Inhibin β-B CRISPR/Cas9 KOプラスミド(m)は、mouse細胞株におけるInhbb遺伝子の標的破壊を目的として設計されたプラスミドのプールである。各プラスミドは、Inhbb内の異なる部位を標的とする固有のシングルガイドRNA(sgRNA)と、Streptococcus pyogenes由来のCas9ヌクレアーゼを共発現します。また、これらのプラスミドはGFPをコードしており、蛍光顕微鏡やフローサイトメトリーを用いて、トランスフェクションに成功した細胞を蛍光で識別・濃縮することが可能です。
このマルチガイド設計により、Cas9による二本鎖切断の形成後に、Inhbbのオープンリーディングフレームを破壊する挿入または欠失(インデル)が生じる可能性が高まります。CRISPR/Cas9システムによって導入されたDNA切断は、内因性の非相同末端結合(NHEJ)経路を通じて修復され、その結果、Inhibin β-Bタンパク質の発現を阻害するフレームシフト変異が生じることが頻繁にあります。

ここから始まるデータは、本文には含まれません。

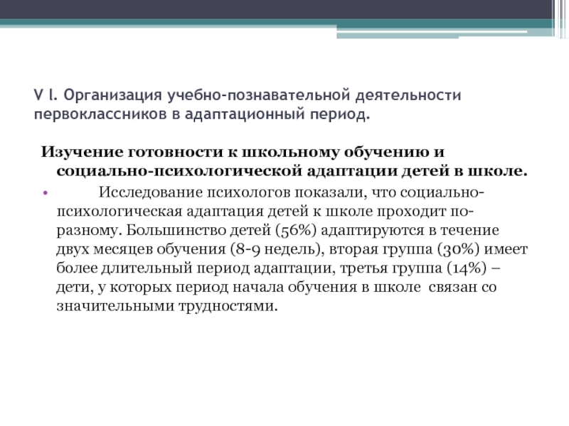 Слайд 17V l. Организация учебно-познавательной деятельности первоклассников в адаптационный период.

このCRISPRノックアウトシステムにより、Inhibin β-Bシグナル伝達、機能ゲノミクス研究、がん生物学研究、およびヒト細胞株における治療反応の評価を目的とした、Inhbb欠損細胞モデルの効率的な作製が可能となる。
CRISPRs +/- HDR
研究用のみ。診断用または治療用ではありません。